Ein Kaufvertrag über eine fertiggestellte Immobilie (bzw. ein entsprechendes Kaufangebot) ist Sonderfall des Bauträgervertrags, was Unterschiede bei vertraglichen Regelungen, insbesondere zur Fälligkeit des Kaufpreises und zur Hauptleistungspflicht des Bauträgers respektive Verkäufers, bedingt. Bleibt es im Übrigen bei den Regelungen des ursprünglich geplanten Bauträgervertrages und wird lediglich eine einseitige Tatsachenerklärung des Verkäufers/Bauträgers aufgenommen, dass das Bauvorhaben

vollständig fertiggestellt sei, so dürfte der Zweck der Zweiwochenfrist des § 17 Abs. 2a Satz 2 Nr. 2 BeurkG - wohl - mit der Übersendung des Bauträgervertragsentwurfs erfüllt sein, so dass die Zwei-Wochen-Frist nicht schon wegen dieser vertraglichen Anpassung an den aktuellen Bautenstand neu zu laufen beginnt.

Wenn dagegen auf die veränderte Tatsachenlage mit weitergehenden vertraglichen Regelungen reagiert wird, bedarf der Verbraucher zur Vorbereitung auf die Urkundsverhandlung der rechtzeitigen Überlassung eines entsprechenden neuen Textentwurfs. Die Kenntnis des Verbrauchers von den Regelungen, die für den Abschluss eines Bauträgervertrages vorgesehen waren, kann dessen Informationsbedürfnis über die weitergehenden Anpassungen an die geänderte tatsächliche Situation nicht ohne weiteres befriedigen.

107

Hier belegt ein Textvergleich zwischen dem nach Baufertigstellung beurkundeten Angebot der Käuferin H.

(URNr. .) mit dem vor Fertigstellung beurkundeten Angebot der Eheleute M. vom 19.02.2008 (URNr. …) betreffend andere Einheiten derselben Anlage, dass bedeutende, den Lauf der Zwei-Wochen-Frist tangierende Änderungen vorgenommen wurden.

108

Im angebotenen Bauträgervertrag (Abschnitt B. der Urkunde .) ist unter Ziff. II. („Verkauf, Bauverpflichtung“) formuliert:

"... 2. Der Verkäufer verpflichtet sich, den Vertragsgegenstand gemäß Baubeschreibung und Bauplänen (die der Teilungserklärung und die dieser Urkunde beigefügten, vorgelegten und genehmigte Pläne, wobei bei einem Widerspruch die dieser Urkunde beigefügten Pläne den der Teilungserklärung beigefügten Pläne vorgehen) nach den anerkannten Regeln der Baukunst schlüsselfertig zu erstellen. DIN-Vorschriften bezüglich Schalldämmung (Wände und Decken) sind jedoch aus technischen Gründen nicht maßgebend.

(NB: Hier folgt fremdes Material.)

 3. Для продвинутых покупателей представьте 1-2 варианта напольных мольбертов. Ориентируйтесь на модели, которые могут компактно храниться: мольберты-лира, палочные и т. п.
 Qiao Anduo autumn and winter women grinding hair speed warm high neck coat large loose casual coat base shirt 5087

Bei Abweichungen hat die Baubeschreibung Vorrang vor den Plänen. Soweit Leistungen durch diese Urkunde (i. V. m. der Teilungserklärung und den Plänen) nicht genug bestimmt sein sollten, sind sie ortsüblich und angemessen zu erbringen, was nach billigem Ermessen der Verkäufer bestimmt.

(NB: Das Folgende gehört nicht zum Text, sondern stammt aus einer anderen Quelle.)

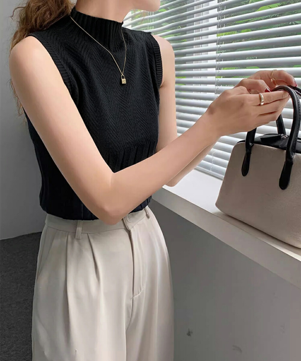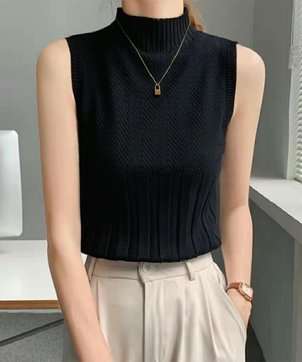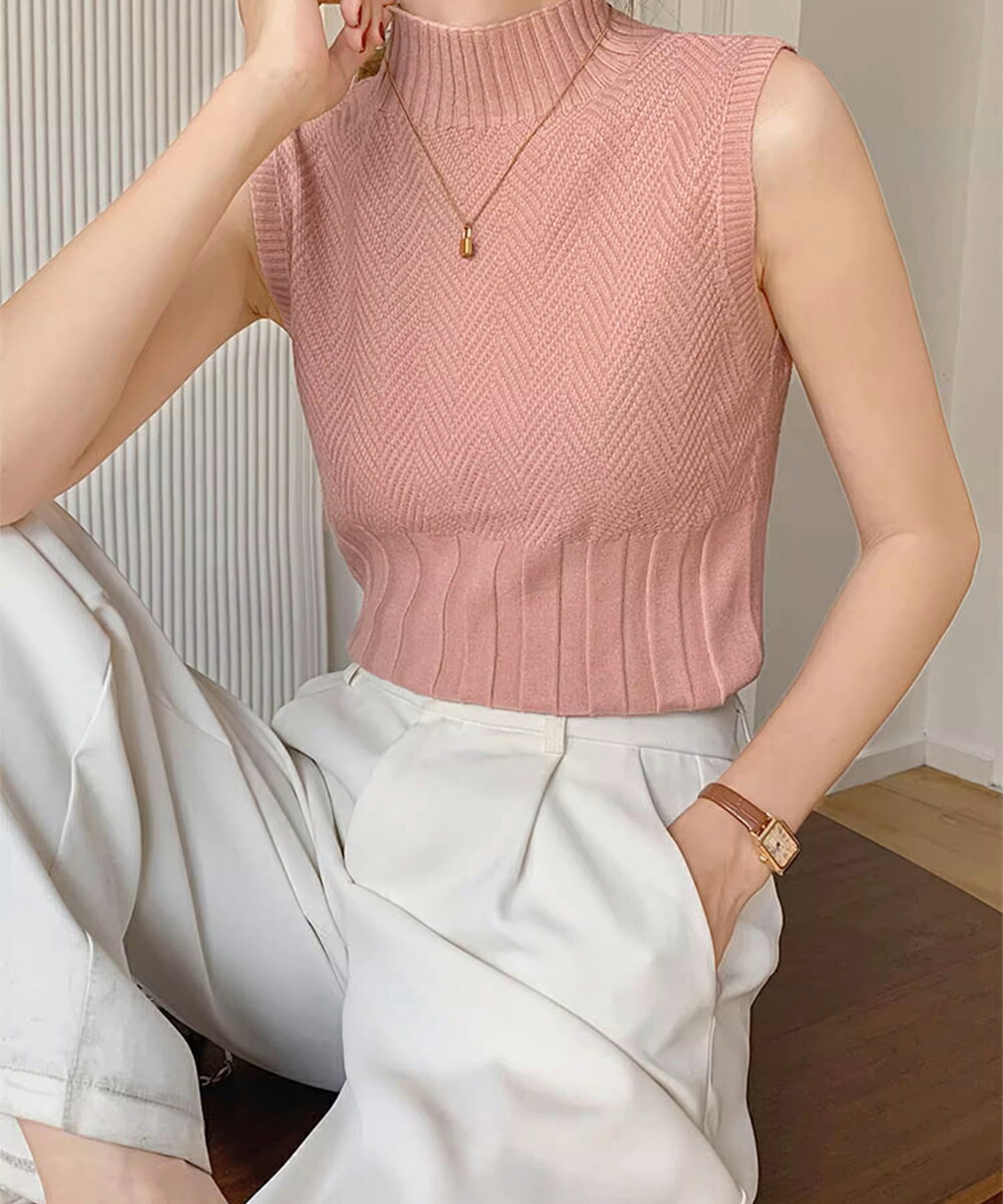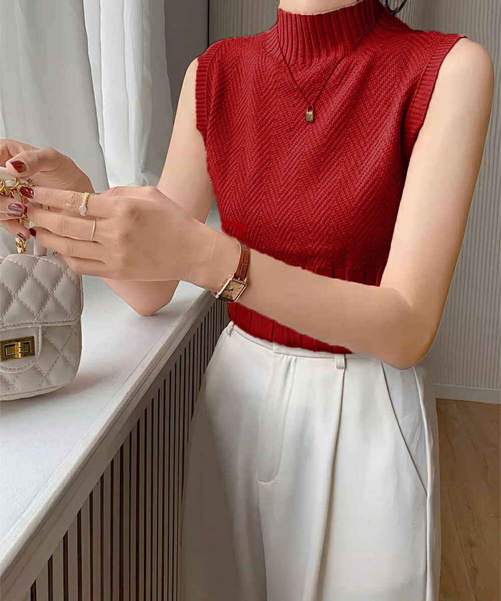 ノースリーブニット トップス ハイネッ トップス ニット セーター ニットキャミソール 特集 ダークグレー ピンク ブラック ホワイト ライトベージュ ワインレッド

Der Verkäufer darf von der Baubeschreibung und den Bauplänen nur abweichen, soweit dies der Erfüllung behördlicher Auflagen dient oder technisch bzw. wirtschaftlich notwendig oder zweckmäßig ist.

Abweichungen dürfen sich jedoch nicht wert- und gebrauchsmindernd auswirken und müssen dem Käufer zumutbar sein.